Supplied data START

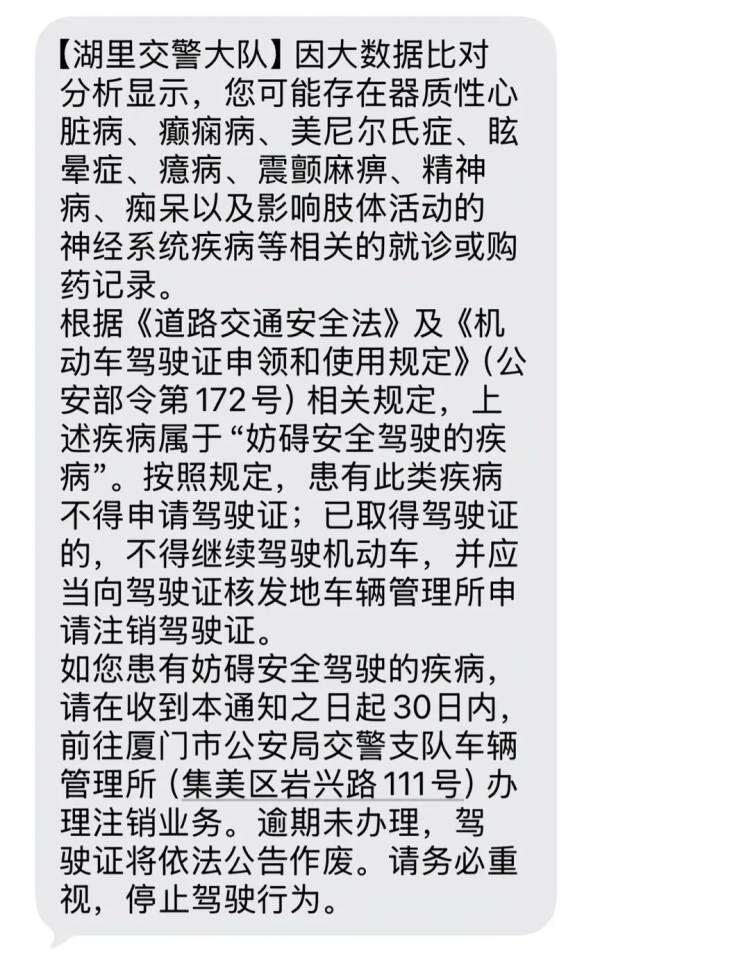 就诊购药记录被大数据筛查?网友购买助眠药后收到交警短信,提醒30日内办理驾驶证注销业务。对此,交警回应:短信只是提醒,建议线下核实。
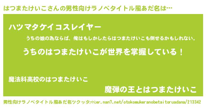 | ヒーロー風カッコイイあだ名 | 『仮面ハツダー』『ネオハツマタケイコ』 |
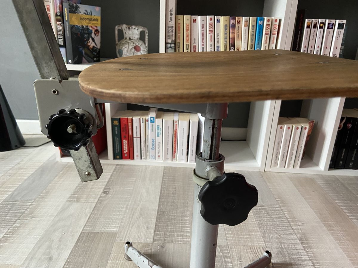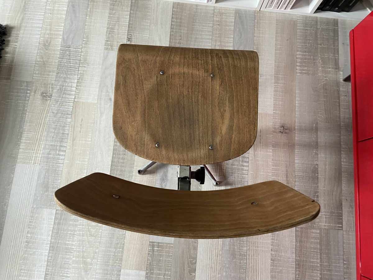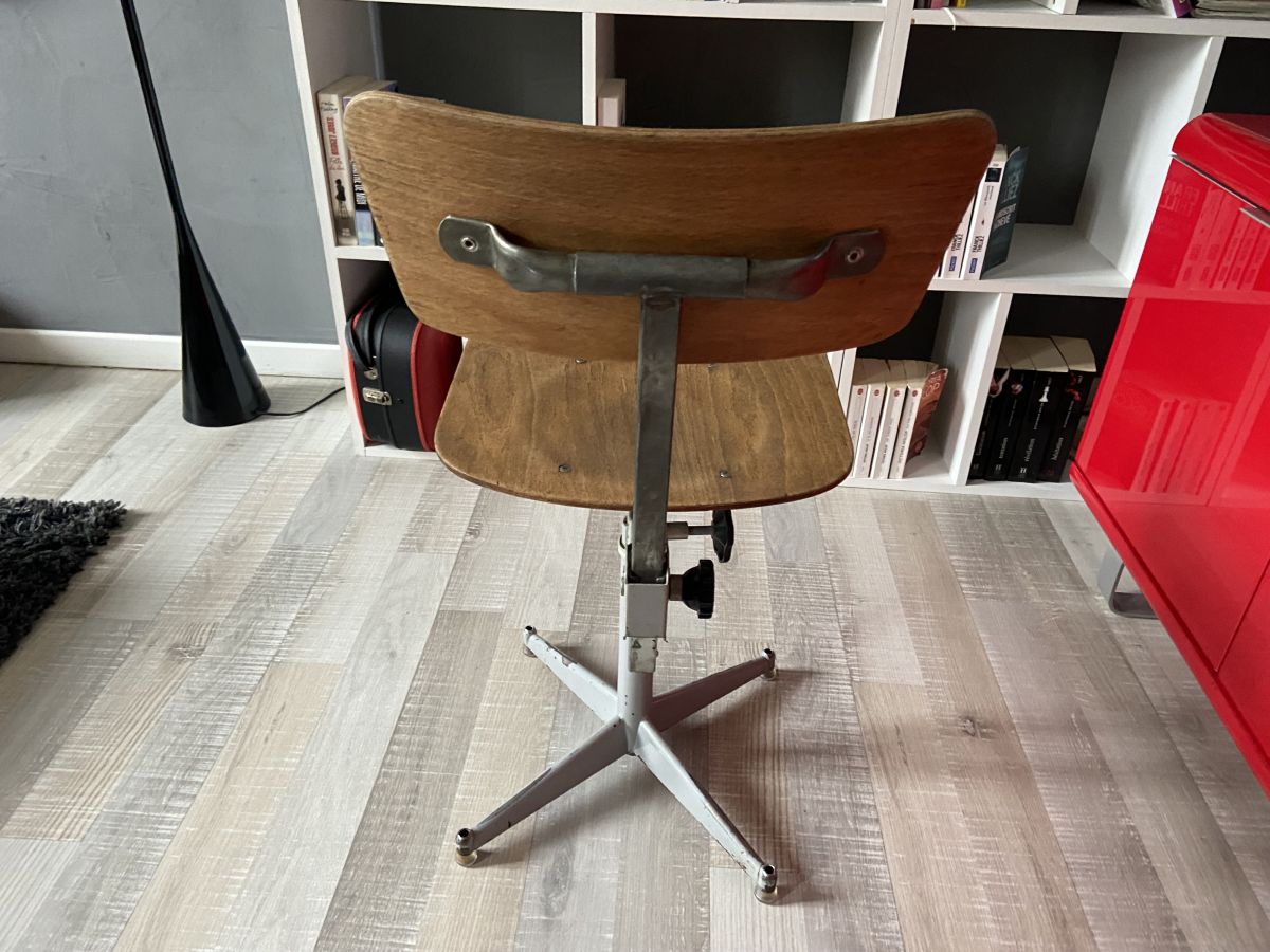 Chaise d'atelier des années 60 en bois et métal tubulaire gris, réglable en hauteur par mollette, dossier également réglable en hauteur, quelques éclats sur la peinture (laissés volontairement pour conserver le charme et l'esprit de la chaise), hauteur totale de 73 à 91cm, hauteur assise de 41 à 60cm, assise 38x35cm.

Supplied data END

• Problem to work on: Print the entire listing above verbatim. No picture should be included.

• Answer space:
 就诊购药记录被大数据筛查?网友购买助眠药后收到交警短信,提醒30日内办理驾驶证注销业务。对此,交警回应:短信只是提醒,建议线下核实。
 | ヒーロー風カッコイイあだ名 | 『仮面ハツダー』『ネオハツマタケイコ』 |
 Chaise d'atelier des années 60 en bois et métal tubulaire gris, réglable en hauteur par mollette, dossier également réglable en hauteur, quelques éclats sur la peinture (laissés volontairement pour conserver le charme et l'esprit de la chaise), hauteur totale de 73 à 91cm, hauteur assise de 41 à 60cm, assise 38x35cm.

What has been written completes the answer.